SCO / Batsleer: Seven Last Words
Greyfriars Kirk, Edinburgh
Over a few hours on the Saturday at the start of Easter week, it was possible to bask in the calibre of choral singing of which Scotland can boast.
In the afternoon, at St Michael’s Church by Linlithgow Palace, the NYCOS National Boys Choir revealed the fruits of their residential course at Gartmore. The hiatus of the pandemic has produced an odd imbalance where the older Changing Voices cohort currently outnumbers the trebles and altos of the NBC itself, but the varied programme still boasted a confident, if unseasonal, This Little Babe from Britten’s Ceremony of Carols alongside some Schubert and fine arrangements of sea shanties and spirituals.
In time, some of these older lads may find themselves on the Young Singers programme that refreshes the superbly-balanced Scottish Chamber Orchestra chorus where two of those currently keep the tenor section at a strength most amateur choirs can only dream of.
It does seem unfair on both sides to pitch the SCO Chorus into such a competition, however, as their concert that evening demonstrated. Director Gregory Batsleer’s ensemble are simply in a different league, as their opening motets by Renaissance composer William Byrd immediately proved. This is repertoire we usually hear in concert from small professional chamber choirs, and to hear the overlapping text in the closing “Jerusalem desolata est” sung by nearly 50 voices in the glorious acoustic of Greyfriars was a joy.
A cannily-chosen Scottish premiere of Daniel Kidane’s Be Still – inspired by the experience of the Covid pandemic – provided a string interlude to set the stage for the combination of SCO strings and singers in James MacMillan’s Seven Last Words from the Cross.

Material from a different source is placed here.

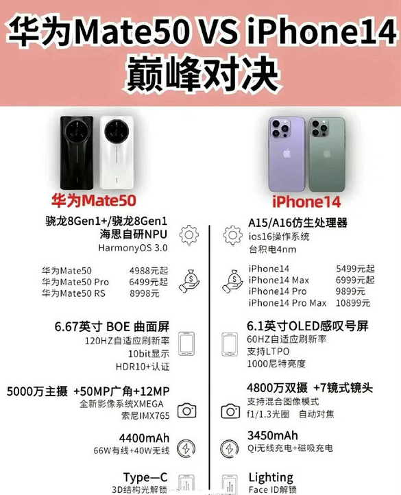价格方面,爆料称华为Mate50售价4988元起,Mate50 Pro售价6499元起,Mate50 RS售价8988元起;iPhone 14售价5499元起,14 Max售价6999元起,14 Pro售价9899元起,14 Pro Max售价10899元起。可以看到,除了标准版iPhone 14仅比Mate50贵了500元左右外,高配版iPhone 14系列比Mare50系列贵了不止一点半点。

If the work is quintessential MacMillan, it now seems astonishing that he composed it so early in his career, and disappointing that such a masterwork is not heard more often.
Sharing some material with his equally bold clarinet work, Tuireadh, that is partly because it requires great skill in the voices, and indeed in the technical precision of the string playing. One of the things that distinguished this immaculate performance was the interplay between the two. That is to the fore in the dialogue between stratospheric sopranos and the low strings in the third part, Verily, I say unto thee, today thou shalt be with me in Paradise, with its parallel solo from the orchestra leader, but it is a continuous process in the work.
The writing for the choir inevitably remains foremost in the memory – beautifully resonant bottom notes as well as those high frequencies, immaculate ensemble singing from the altos and those remarkable tenors. But the instrumental playing is only a hairs-breadth behind, and after the representation of the nails being driven into the cross, it is the violins who have the moving last bars of Christ’s dying breath.